Submission + - Damaged Spinal Cord "Rewires" Itself With Help of Electrical Stimulation (ieee.org)

the_newsbeagle writes: Many prior experiments that tried to restore function after a spinal cord injury have used electrical stimulation to replace the signals from the brain, essentially implanting a replacement nervous system. But a new project instead used electrical stimulation to encourage the natural nervous system to adapt to a severe injury. When researchers repeatedly jolted a rat's damaged spinal cord at the precise moment that it tried to move a paralyzed limb, its nervous system developed new neural pathways that detoured around the site of injury in the spine. Researchers don't think it grew new neurons, but think instead that new connections formed between surviving neurons.

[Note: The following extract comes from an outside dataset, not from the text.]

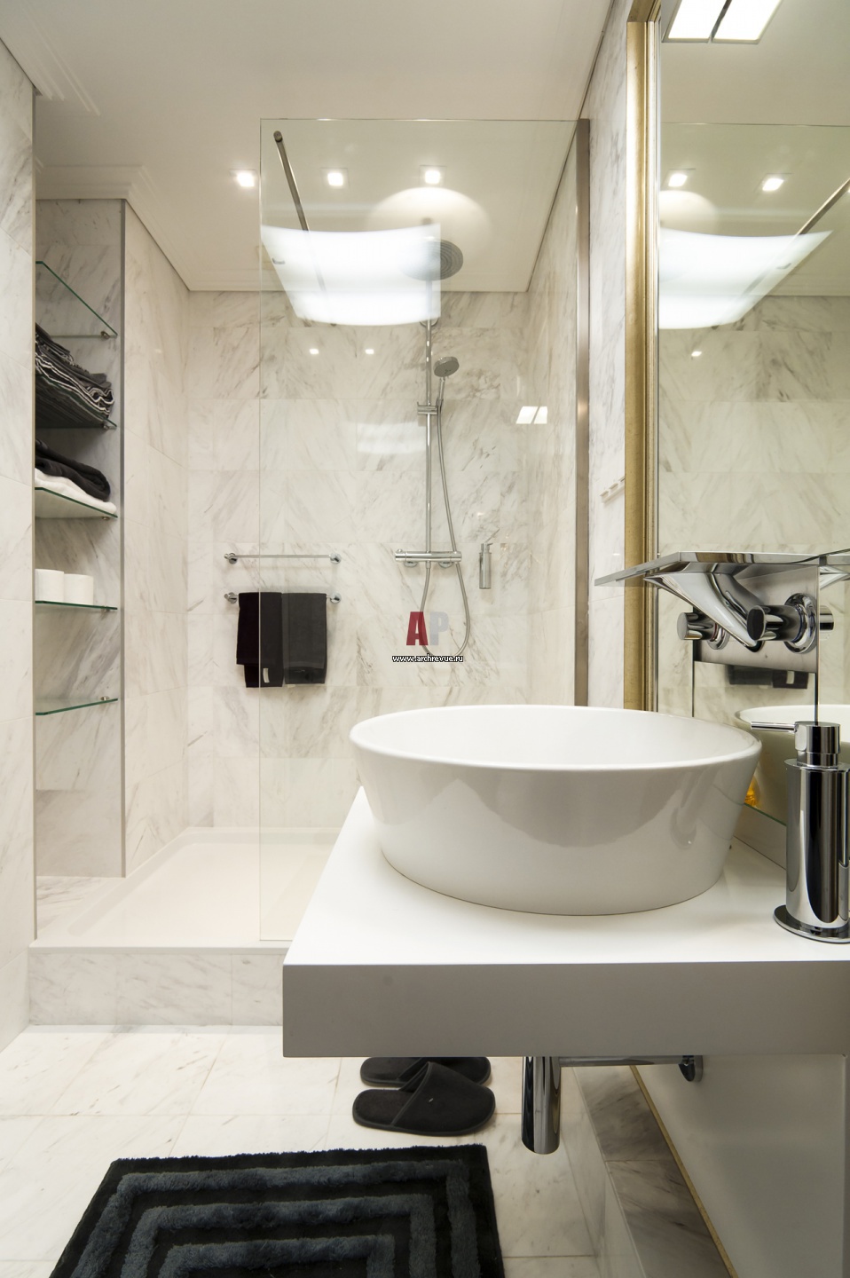 Фрагмент гостевого санузла. За стеклянной перегородкой – просторная душевая. Сантехника, Villeroy & Boch. Смесители, Axor. Душ, Hansgrohe.

Submission + - i can has kickstart? (wordpress.com)

rewindustry writes: (RFC)

am fifty this year, been working on a thing since basically it was possible, back in the soundblaster, gravis, etc era. by this time am pretty sure it already has been done, but perhaps not quite the way i've been doing it, on my own machines.

it is essentially an audio tape loop with digital advantages. you begin an instance by defining a length, and you get a recording space which simply goes around and around, continuously, and in which you play.

from there the options expand as you like — for instance i like spaces of 32 to 128 bars, and i add a click track or other guide beat, to begin with. because everything is continuous, having no beginning or end, this can be multiplied out to be any new length i might like, in production.

i can then create a new space, the same integral multiple of the original, with perhaps an extra 8 bars inserted, for count in and out, if am working on a 'final' length.

this is only one method i settled into using. of the many i have been fiddling with, perhaps the most fun is to set things to fade slowy into the background, as new ideas are inserted — the effect is like playing in a hall of mirrors, which is great for not-very-good musicians like me. after the fact i like to select the best bits, and set them to fade in and out and around at random endlessly, or until bored.

all of the above, built to an RFC standard, can be distributed across the net in pseudo real time — it does not matter that each instance of a given "space" is running in it's own time, as long as you accept that any submission to a multi-user space will only appear the next time around (assuming your connection is fast enough). no matter how long it takes to arrive, a simple protocol will ensure it appears in the right place.

my overall thesis is that this very simply concept should be enough to easily make global recording a comfortable enough experience — as comfortable an experience, for instance, as participating in slashdot.

in fact a comment system like slashdot would form an ideal basis for a control system, by impementing an extention allowing users moderate which parts are mixed into what spaces.

i think — which might explain why i am posting this here. first off, has this already been done, and conversely — if it not, how do i get it out there? i'm a bit tired of playing with this thing by myself, and so far have not seen the app/gadget on the market that already does the thing i've been dreaming of... and suddenly it occurs to me that slashdot is the place to find out, for once and for all.